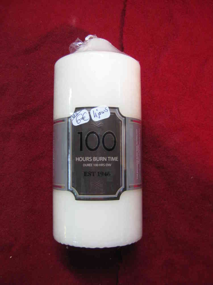 Bougie blanche de 100h 4 jours, de très bonne qualité ne coule pas (7cm de diamètre et 16cm de hauteur).
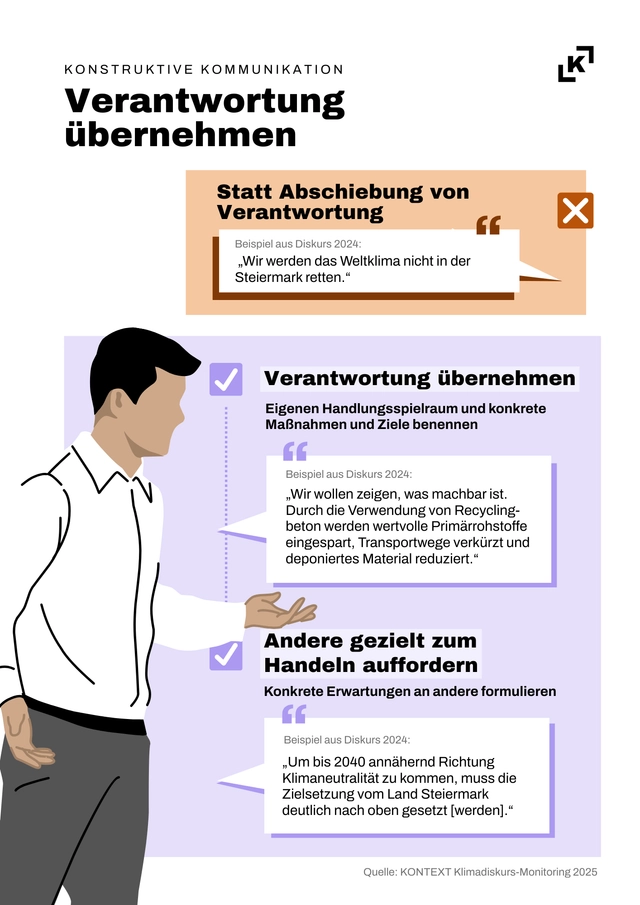 Demnach erweist sich die Kommunikation dann als konstruktiv, wenn sie legitime Bedenken aufnimmt, wirksame Lösungen anbietet und den wirtschaftlichen, sozialen und sicherheitspolitischen Mehrwert von klimapolitischen Maßnahmen hervorhebt. Ein weiterer Faktor für konstruktiven Diskurs ist die Übernahme von Verantwortung – gerade von jenen, die in dem Thema viel Handlungsmacht besitzen, wie Politik und Unternehmen.
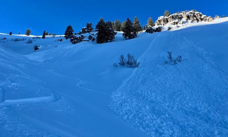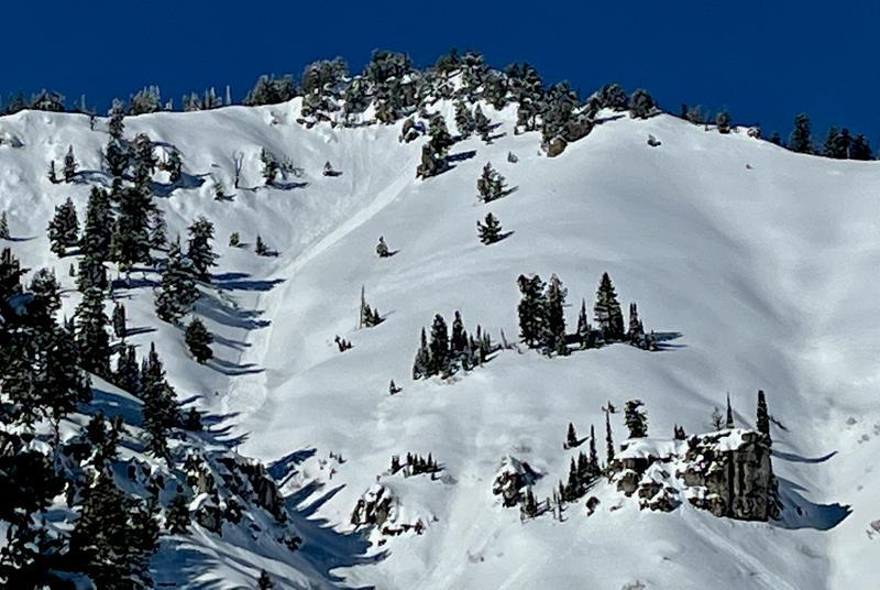 Noticed a couple natural loose wet avalanches that occurred while we were in the area this afternoon. There were three off Soucie's Ridge, One covered up some ski tracks from earlier in the day.
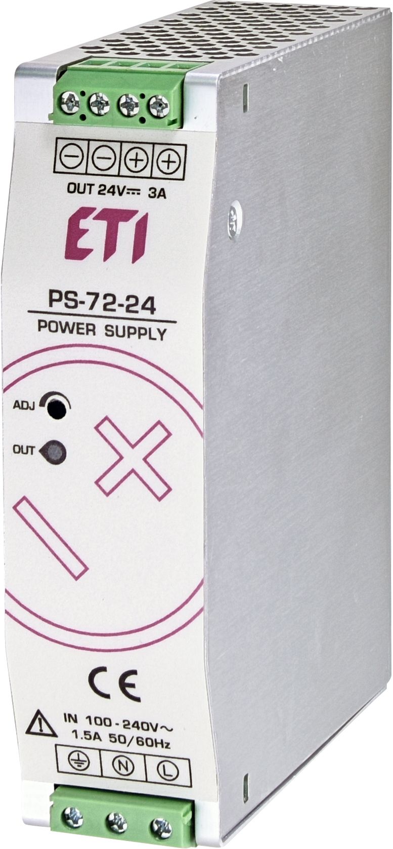 Блок живлення PS-72-24 (Вхід: 100-240V AC/140-340V DC; Вихід: 24-28V DC/75W/3A), ETI [004656681]
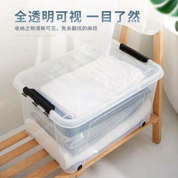 JEKO&JEKO透明衣物收纳箱加大号玩具整理箱搬家箱打包箱被子储物箱55L3只装
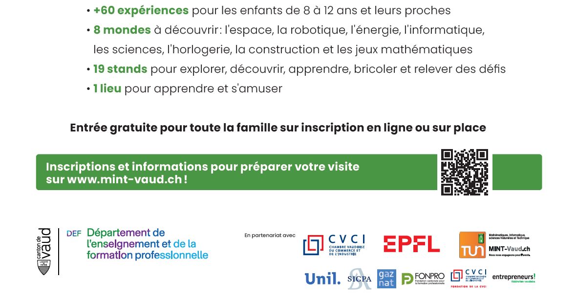 Vous trouverez ci-dessous le QR-Code du salont MINT Vaud. De plus amples informations sont disponibles sur mint-vaud.ch/parents.
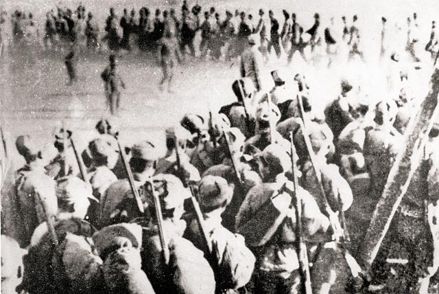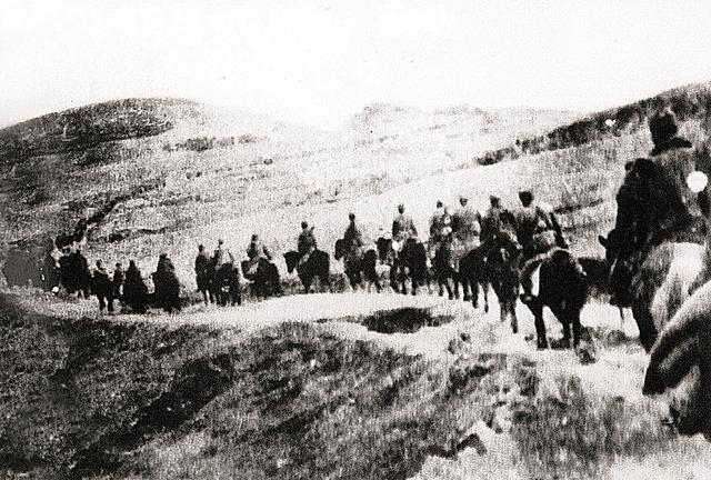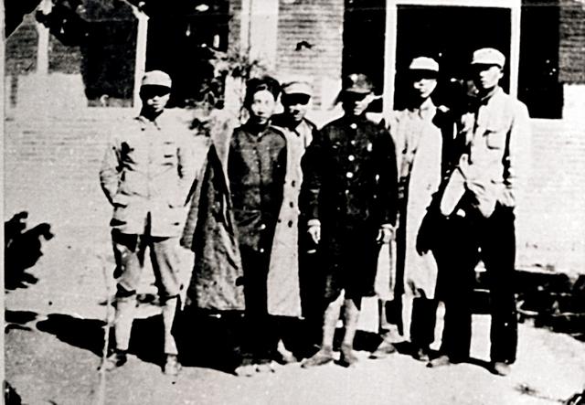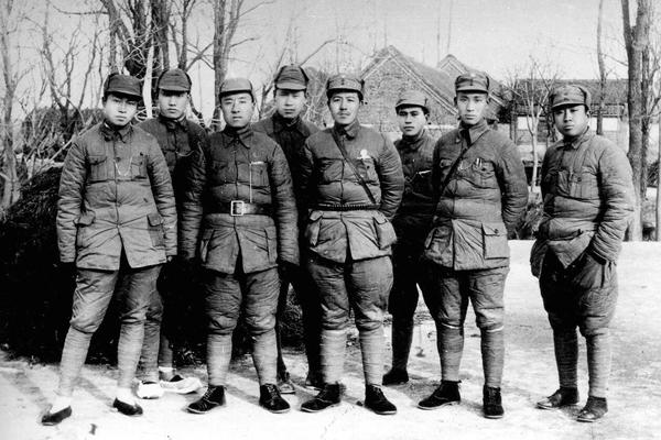 1939 年冬,八路军山东纵队政委黎玉(右四)率巡视团赴胶东抗日根据地视察。
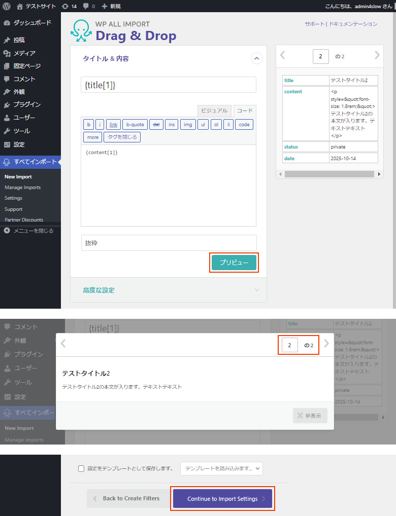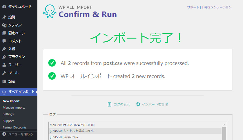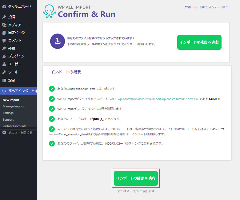 最後に「インポートの確認&実行」をクリックすると、インポートが開始されます。

-*-

**Directions:** Could you transcribe all of the data exactly, keeping every picture out of the copy?

**Response to this task:**
 Bougie blanche de 100h 4 jours, de très bonne qualité ne coule pas (7cm de diamètre et 16cm de hauteur).
 Demnach erweist sich die Kommunikation dann als konstruktiv, wenn sie legitime Bedenken aufnimmt, wirksame Lösungen anbietet und den wirtschaftlichen, sozialen und sicherheitspolitischen Mehrwert von klimapolitischen Maßnahmen hervorhebt. Ein weiterer Faktor für konstruktiven Diskurs ist die Übernahme von Verantwortung – gerade von jenen, die in dem Thema viel Handlungsmacht besitzen, wie Politik und Unternehmen.
 Noticed a couple natural loose wet avalanches that occurred while we were in the area this afternoon. There were three off Soucie's Ridge, One covered up some ski tracks from earlier in the day.
 Блок живлення PS-72-24 (Вхід: 100-240V AC/140-340V DC; Вихід: 24-28V DC/75W/3A), ETI [004656681]
 JEKO&JEKO透明衣物收纳箱加大号玩具整理箱搬家箱打包箱被子储物箱55L3只装
 Vous trouverez ci-dessous le QR-Code du salont MINT Vaud. De plus amples informations sont disponibles sur mint-vaud.ch/parents.
 1939 年冬,八路军山东纵队政委黎玉(右四)率巡视团赴胶东抗日根据地视察。
 最後に「インポートの確認&実行」をクリックすると、インポートが開始されます。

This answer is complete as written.